Refer to your documentation (e.g., manpages) for other operating systems.

The aufs Storage Scheme

The aufs storage scheme has evolved out of the very first attempt to improve Squid’s disk I/O response time. The “a” stands for asynchronous I/O. The only difference between the default ufs scheme and aufs is that I/Os aren’t executed by the main Squid process. The data layout and format is the same, so you can easily switch between the two schemes without losing any cache data.

aufs uses a number of thread processes for disk I/O operations. Each time Squid needs to read, write, open, close, or remove a cache file, the I/O request is dispatched to one of the thread processes. When the thread completes the I/O, it signals the main Squid process and returns a status code. Actually, in Squid 2.5, certain file operations aren’t executed asynchronously by default. Most notably, disk writes are always performed synchronously. You can change this by setting ASYNC_WRITE to 1 in src/fs/aufs/store_asyncufs.h and recompiling.

The aufs code requires a pthreads library. This is the standard threads interface, defined by POSIX. Even though pthreads is available on many Unix systems, I often encounter compatibility problems and differences. The aufs storage system seems to run well only on Linux and Solaris. Even though the code compiles, you may encounter serious problem on other operating systems.

To use aufs, you must add a special ./configure option:

% ./configure --enable-storeio=aufs,ufs

Strictly speaking, you don’t really need to specify ufs in the list of storeio modules.
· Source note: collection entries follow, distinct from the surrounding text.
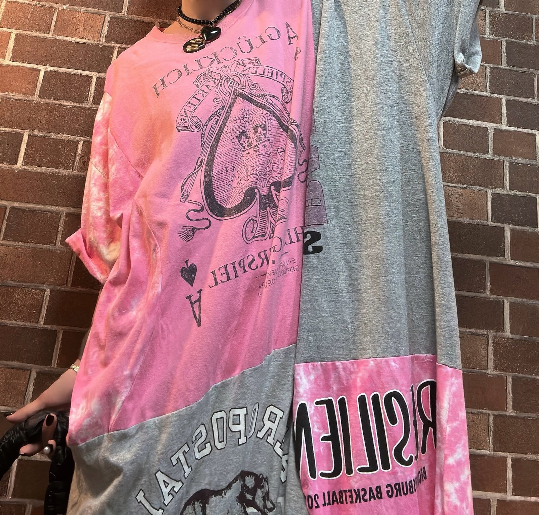 海外古着Tシャツを使用して制作したパッチワークワンピースです⭐︎
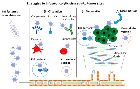 Strategies to overcome potential barriers in delivering oncolytic adenoviruses (OAs) into tumor sites. For systemic administration (a) such as intravenous injection, the complement, neutralizing antibodies, platelets and erythrocytes present in blood circulation bind to OAs (b) and block the migration of OAs into tumor sites. Cell carriers and extracellular-vesicles-delivered OAs escape the above-mentioned barriers to some extent before the OAs reach the tumor site (c). Local infusion represents an alternative strategy to avoid the interaction with blood components (d).
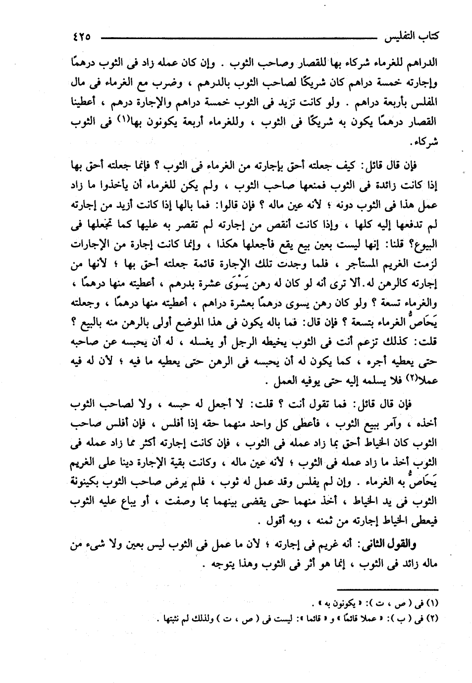الدَّرَاهِمُ لِلْغُرَمَاءِ شُرَكَاءَ بِهَا لِلْقَصَّارِ وَصَاحِبِ الثَّوْبِ , وَإِنْ كَانَ عَمَلُهُ زَادَ فِي الثَّوْبِ دِرْهَمًا , وَإِجَارَتُهُ خَمْسَةُ دَرَاهِمَ كَانَ شَرِيكًا لِصَاحِبِ الثَّوْبِ بِالدِّرْهَمِ وَضَرَبَ مَعَ الْغُرَمَاءِ فِي مَالِ الْمُفْلِسِ بِأَرْبَعَةِ دَرَاهِمَ . وَلَوْ كَانَتْ تَزِيدُ فِي الثَّوْبِ خَمْسَةُ دَرَاهِمَ وَالْإِجَارَةُ دِرْهَمٌ أَعْطَيْنَا الْقَصَّارَ دِرْهَمًا يَكُونُ بِهِ شَرِيكًا فِي الثَّوْبِ ؟ وَلِلْغُرَمَاءِ أَرْبَعَةٌ يَكُونُونَ بِهَا فِي الثَّوْبِ شُرَكَاءَ فَإِنْ قَالَ قَائِلٌ : كَيْفَ جَعَلْتَهُ أَحَقَّ بِإِجَارَتِهِ مِنْ الْغُرَمَاءِ فِي الثَّوْبِ . فَإِنَّمَا جَعَلْتُهُ أَحَقَّ بِهَا إذَا كَانَتْ زَائِدَةً فِي الثَّوْبِ فَمَنَعَهَا صَاحِبُ الثَّوْبِ لَمْ يَكُنْ لِلْغُرَمَاءِ أَنْ يَأْخُذُوا مَا زَادَ عَمَلُ هَذَا فِي الثَّوْبِ دُونَهُ ; لِأَنَّهُ عَيْنُ مَالِهِ , فَإِنْ قَالُوا : فَمَا بَالُهَا إذَا كَانَتْ أَزْيَدَ مِنْ إجَارَتِهِ لَمْ تَدْفَعْهَا إلَيْهِ كُلَّهَا , وَإِذَا كَانَتْ أَنْقَصَ مِنْ إجَارَتِهِ لَمْ تَقْتَصِرْ بِهِ عَلَيْهَا كَمَا تَجْعَلُهَا فِي الْبُيُوعِ ؟ قُلْنَا : إنَّهَا لَيْسَتْ بِعَيْنِ بَيْعٍ يَقَعُ فَاجْعَلْهَا هَكَذَا , وَإِنَّمَا كَانَتْ إجَارَةً مِنْ الْإِجَارَاتِ لَزِمَتْ الْغَرِيمَ الْمُسْتَأْجِرَ فَلَمَّا وَجَدْتُ تِلْكَ الْإِجَارَةَ قَائِمَةً جَعَلْتُهُ أَحَقَّ بِهَا ; لِأَنَّهَا مِنْ إجَارَتِهِ كَالرَّهْنِ لَهُ أَلاَ تَرَى أَنَّهُ لَوْ كَانَ لَهُ رَهْنٌ يَسْوَى عَشَرَةً بِدِرْهَمٍ أَعْطَيْته مِنْهَا دِرْهَمًا وَالْغُرَمَاءَ تِسْعَةً , وَلَوْ كَانَ رَهْنٌ يَسْوَى دِرْهَمًا بِعَشَرَةِ دَرَاهِمَ أَعْطَيْته مِنْهَا دِرْهَمًا وَجَعَلْته يُحَاصُّ الْغُرَمَاءَ بِتِسْعَةٍ فَإِنْ قَالَ فَمَا بَالُهُ يَكُونُ فِي هَذَا الْمَوْضِعِ أَوْلَى بِالرَّهْنِ مِنْهُ بِالْبَيْعِ ؟ . قُلْت كَذَلِكَ تَزْعُمُ أَنْتَ فِي الثَّوْبِ يَخِيطُهُ الرَّجُلُ أَوْ يَغْسِلُهُ لَهُ أَنْ يَحْبِسَهُ عَنْ صَاحِبِهِ حَتَّى يُعْطِيَهُ أَجْرَهُ كَمَا يَكُونُ لَهُ أَنْ يَحْبِسَهُ فِي الرَّهْنِ حَتَّى يُعْطِيَهُ مَا فِيهِ ; لِأَنَّ لَهُ فِيهِ عَمَلاً قَائِمًا فَلاَ يُسَلِّمُهُ إلَيْهِ حَتَّى يُوَفِّيَهُ الْعَمَلَ فَإِنْ قَالَ قَائِلٌ : فَمَا تَقُولُ أَنْتَ ؟ قُلْتُ لاَ أَجْعَلُ لَهُ حَبْسَهُ , وَلاَ لِصَاحِبِ الثَّوْبِ أَخْذَهُ وَآمُرُ بِبَيْعِ الثَّوْبِ فَأُعْطِي كُلَّ وَاحِدٍ مِنْهُمَا حَقَّهُ إذَا أَفْلَسَ فَإِنْ أَفْلَسَ صَاحِبُ الثَّوْبِ كَانَ الْخَيَّاطُ أَحَقَّ بِمَا زَادَ عَمَلُهُ فِي الثَّوْبِ فَإِنْ كَانَتْ إجَارَتُهُ أَكْثَرَ مِمَّا زَادَ عَمَلُهُ فِي الثَّوْبِ أَخَذَ مَا زَادَ عَمَلُهُ فِي الثَّوْبِ ; لِأَنَّهُ عَيْنُ مَالِهِ , وَكَانَتْ بَقِيَّةُ الْإِجَارَةِ دَيْنًا عَلَى الْغَرِيمِ يُحَاصُّ بِهِ الْغُرَمَاءَ . وَإِنْ لَمْ يُفْلِسْ , وَقَدْ عُمِلَ لَهُ ثَوْبٌ فَلَمْ يَرْضَ صَاحِبُ الثَّوْبِ بِكَيْنُونَةِ الثَّوْبِ فِي يَدِ الْخَيَّاطِ أَخَذَ مَكَانَهُ مِنْهُمَا حَتَّى يَقْضِيَ بَيْنَهُمَا بِمَا وَصَفْتُ أَوْ يُبَاعُ عَلَيْهِ الثَّوْبُ فَيُعْطَى إجَارَتُهُ مِنْ ثَمَنِهِ وَبِهِ أَقُولُ . وَالْقَوْلُ الثَّانِي : إنَّهُ غَرِيمٌ فِي إجَارَتِهِ ; لِأَنَّ مَا عُمِلَ فِي الثَّوْبِ لَيْسَ بِعَيْنٍ , وَلاَ شَيْءَ مِنْ مَالِهِ زَائِدٌ فِي الثَّوْبِ إنَّمَا هُوَ أَثَرٌ فِي الثَّوْبِ وَهَذَا يَتَوَجَّهُ .@
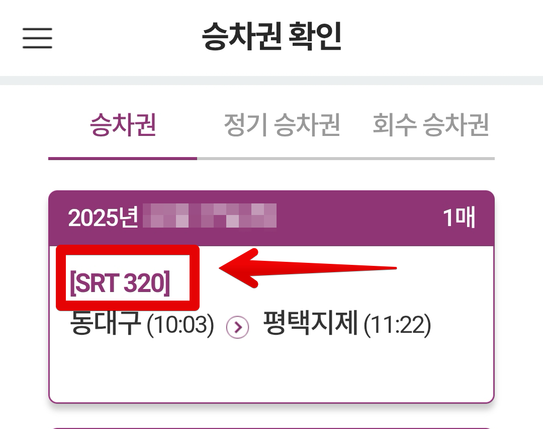 srt 앱에서 승차권을 보게 되면 SRT 320 처럼 번호가 있습니다.

However, you might as well because if you try aufs and don’t like it, you’ll be able to fall back to the plain ufs storage scheme.

You can also use the —with-aio-threads= N option if you like. If you omit it, Squid automatically calculates the number of threads to use based on the number of aufs cache_dirs. Table 8-1 shows the default number of threads for up to six cache directories.

Table 8-1. Default number of threads for up to six cache directories

cache_dirs

Threads

1

16

2

26

3

32

4

36

5

40

6

44

After you compile aufs support into Squid, you can specify it on a cache_dir line in squid.conf:

cache_dir aufs /cache0 4096 16 256

After starting Squid with aufs enabled, make sure everything still works correctly. You may want to run tail -f store.log for a while to make sure that objects are being swapped out to disk. You should also run tail -f cache.log and look for any new errors or warnings.

How aufs Works

Squid creates a number of thread processes by calling pthread_create(). All threads are created upon the first disk activity. Thus, you’ll see all the thread processes even if Squid is idle.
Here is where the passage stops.